NVMe drives guarantee atomic 4 KiB sector writes but NOT atomic writes for larger pages (e.g., 16 KiB). If power fails mid-write on a 16 KiB page, the WAL page can be partially written (torn).

CRC32C detects torn writes during replay, but without the double-write buffer, the record is lost — even though it was acknowledged to the client.

The double-write buffer solves this:

  1. Before writing to WAL, write the record to the double-write file.
  2. fsync the double-write file.
  3. Write to the WAL file.
  4. fsync the WAL file.

On recovery, if a WAL record’s CRC fails:

  • Check the double-write buffer for an intact copy (verify CRC).
  • If found, use the double-write copy to reconstruct the WAL page.
  • If not found, the record is truly lost (pre-fsync crash).

The double-write file is a fixed-size circular buffer. Only the most recent N records are kept — older ones are overwritten. This is fine because torn writes can only happen on the most recent write.

§O_DIRECT mode

When the parent WAL uses O_DIRECT, the DWB can also be opened with O_DIRECT (DwbMode::Direct). This:

  • Keeps the page cache free of DWB bytes — the O_DIRECT WAL was specifically designed not to warm the cache, and a buffered DWB undoes that by writing the exact same payload through the cache.
  • Surfaces DWB bytes in block-layer iostat traffic alongside the WAL.

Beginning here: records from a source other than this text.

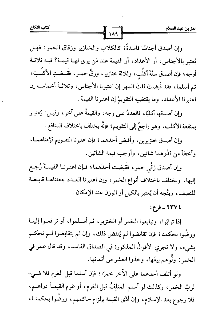 وإن أصدق أجناسًا فاسدةً؛ كالكلاب والخنازير وزقاق الخمر: فهل يُعتبر بالأجناس، أو الأعداد، أو القيمة عند مَن يرى لها قيمة؟ فيه ثلاثة أوجه؛ فإن أصدق ستَّةَ أكلُبٍ، وثلاثة خنازير، وزقَّ خمر، فقَبضتِ الأكلُبَ، ثم أسلما، فقد قَبضتْ ثلثَ المهر إن اعتبرنا الأجناس، وثلاثةَ أخماسه إن اعتبرنا الأعداد، وما يقتضيه التقويمُ إن اعتبرنا القيمة.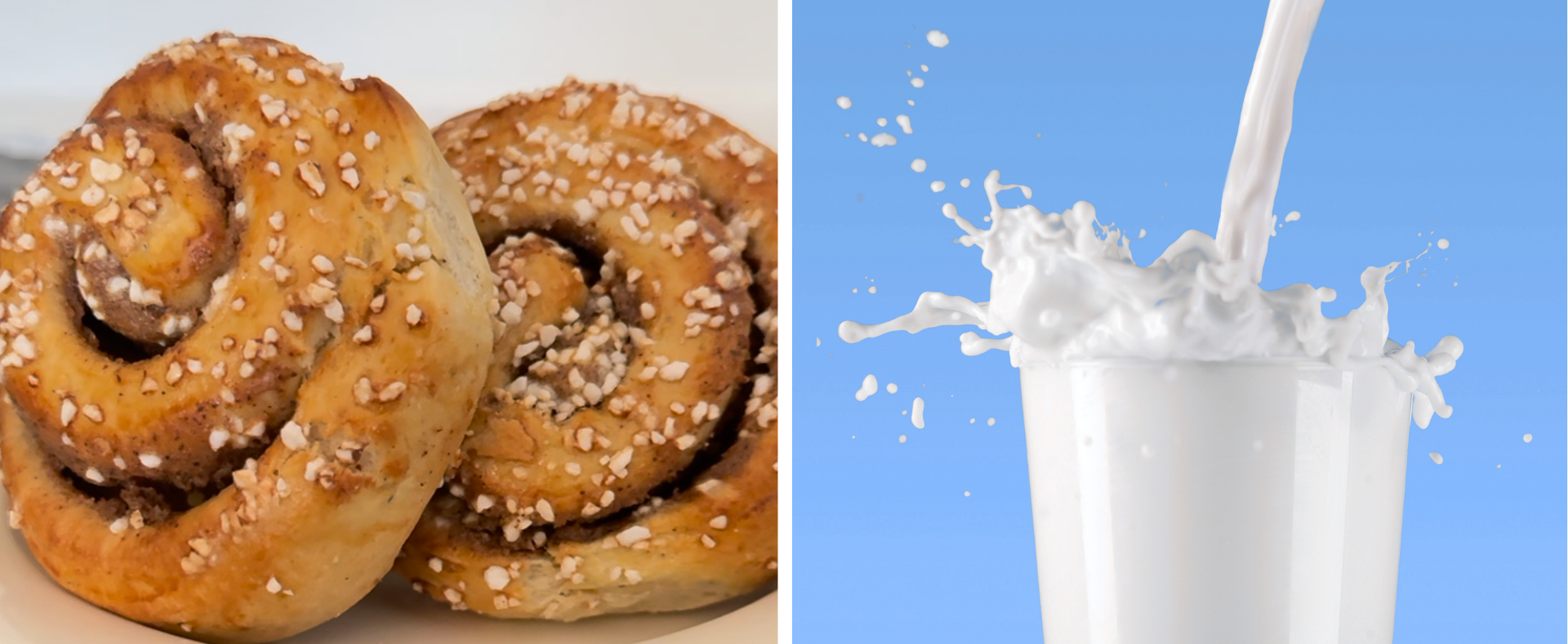 Vad vore väl en kanelbulle utan ett glas kall mjölk? Kombinationen är en klassiker av en anledning. Smaken av mjölk rundar av den söta och kryddiga bullen, och de milda tonerna gör att smaken av kanel och kardemumma verkligen får glänsa, säger smakexperterna. Vi håller med. Men mjölk är inte bara gott – det är också näringsrikt och hälsosamt!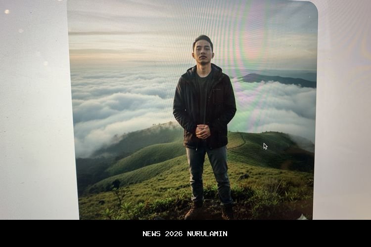 Edit foto ini menjadi potret realistis seseorang berdiri di puncak gunung dengan latar langit biru cerah dan awan tipis. Kenakan jaket gunung berwarna netral dan sepatu hiking, pencahayaan alami matahari pagi yang hangat. Atur pose menghadap sedikit ke kamera dengan tangan di saku, ambil foto full body dari sudut bawah sedikit (low angle). Jangan ubah wajah, dan buat hasilnya sangat realistis seperti diambil dari kamera profesional.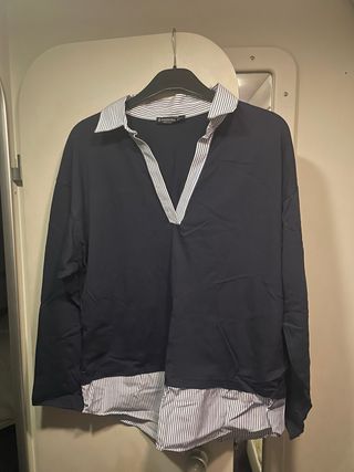 Camisa de manga larga con cuello de camisa a rayas. Talla xs grande - Diseño de dos piezas. - Cuello de camisa a rayas blancas y azules. - Cuerpo de camisa azul marino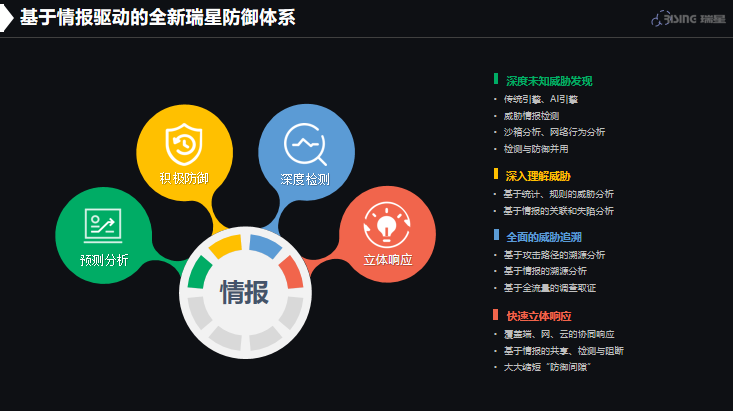 瑞星基于以上三大核心网关硬件产品,协同瑞星其它企业级产品,形成了全新的以情报驱动的自适应防御体系,该体系通过预测分析、积极防御、深度检测和立体响应四个维度形成安全闭环。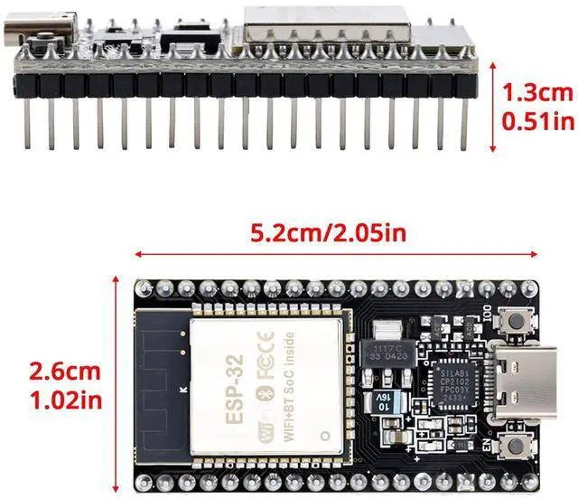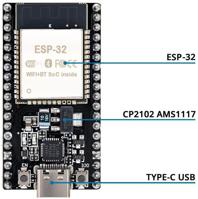 ESP32 CP2012 USB C (Type-C) core board, equipped with 38 pins, offering more functions compared to 30-pin modules. Its narrower width enables excellent connection to the breadboard. ^^ Integrated Components ESP32 integrates antenna, switch, RF balun, power amplifier, low noise amplifier, filter, and power management module. ^^ Supported Interfaces Supports multiple interfaces, such as UART/SPI/I2C/PWM/DAC/ADC, providing versatility for various applications. ^^ Wireless Capabilities Features 2.4GH z WiFi and Bluetooth dual-mode, with support for STA/AP/STA + AP modes and common AT commands, ensuring convenient usage.

The on-disk layout is the same in both modes (one aligned header block followed by fixed-stride slots, all block-aligned) so a DWB written in one mode can be read in the other.

Structs§

DoubleWriteBuffer
Double-write buffer file.

Enums§

DwbMode
I/O mode for the double-write buffer file.

Functions§

slot_stride
Slot stride in bytes. Exposed for tests and for callers that want to size DWB files ahead of time.
wal_dwb_bytes_written_total
Total bytes written to DWB files since process start.